Researchers at Zhejiang University School of Medicine, China, studied how the innate immune system of kidney macrophages works to prevent stones kidneys. The investigators detailed their findings on the mechanistic actions and strategic positioning of macrophages to surveil epithelial cells and intratubular environments.
The results of the study were published in Immunity.
Kidney macrophages: here's why they are so important
As urine passes through the tubular system of the kidneys, various microscopic sediment particles, including mineral crystals, are generated from the concentrated urine. Pathological conditions can lead to the presence of inflammatory proteins and cells. These particles can lodge in the tubules, blocking the flow of urine and causing kidney dysfunction.
The researchers observed kidney macrophages adjacent to the tubules in real time, using high-resolution microscopy, live recordings, and two-photon microscopy techniques. They were able to record renal macrophages extending transepithelial protrusions and interacting with intratubular particles, as well as their migration to promote excretion of urine particles.
These techniques captured the association of macrophages with particles in urine and demonstrated the role of renal macrophages in particle removal. Renal macrophages located near the medullary tubules exhibit specific behaviors, extending transepithelial protrusions and constantly sampling urine contents.
It was then seen that the macrophages migrated and surrounded the intratubular particles, favoring their removal from the tubular system. Mice were injected with inert fluorescent latex beads into the kidney and within 12 hours free beads were almost absent from the lumen of the collecting ducts.
To confirm the role of macrophages, the latex bead experiment was repeated with mice lacking renal macrophages.

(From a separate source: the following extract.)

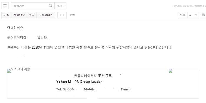 하지만 포스코케미칼 홍보팀에서는 "2020년 11월에 있었던 대법원 확정 판결로 절차상 하자와 위반사항이 없다고 결론났다"고 답변했다.
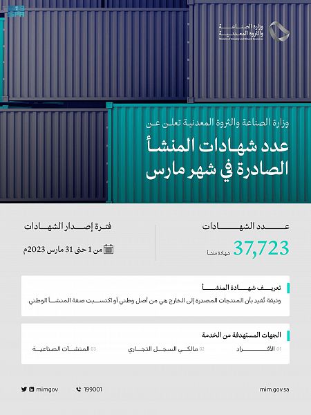 وأوضحت الوزارة أنه يمكن التقديم للحصول على شهادة المنشأ من خلال الموقع الإلكتروني للوزارة من خلال الرابط: https://coo.mim.gov.sa/

Macrophage-depleted mice showed increased retention of fluorescent beads even after 36 hours, despite longer exposure to natural urine washing.
This result suggests that normal urine flushing alone could not efficiently remove large particles in the renal tubule system without preliminary assistance in macrophage clearance.

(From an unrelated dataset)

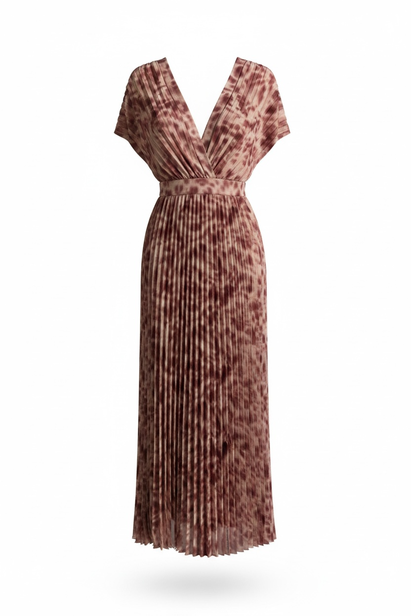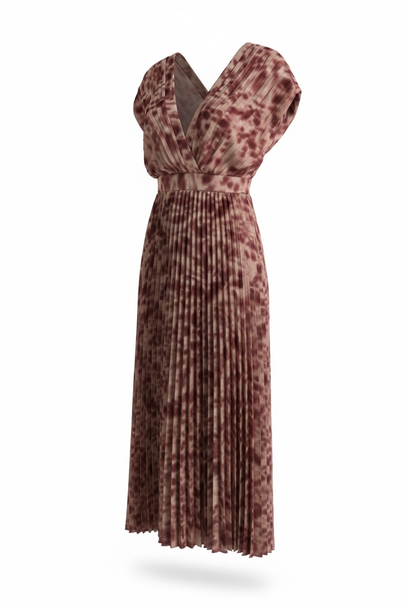 Flowing maxi dress with soft draping, a defined waist, and an open back.

The findings suggest potential therapeutic implications for kidney stones (nephrolithiasis or kidney stones) and for the development of kidney-specific drug delivery methods based on these distinctive features of renal macrophages.

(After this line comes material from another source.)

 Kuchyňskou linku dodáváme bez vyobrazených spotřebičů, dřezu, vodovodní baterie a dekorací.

Acute kidney injury (AKI) is a condition in which the kidneys are unable to effectively filter waste from the blood, leading to various health complications. Numerous studies have shown that acute kidney injury (AKI) subsequently leads to long-term kidney damage and progresses to chronic kidney disease (CKD), a more severe form of kidney failure. The transition from AKI to CKD depends on various factors, such as sepsis, the type of surgery and the presence of cardiovascular disease.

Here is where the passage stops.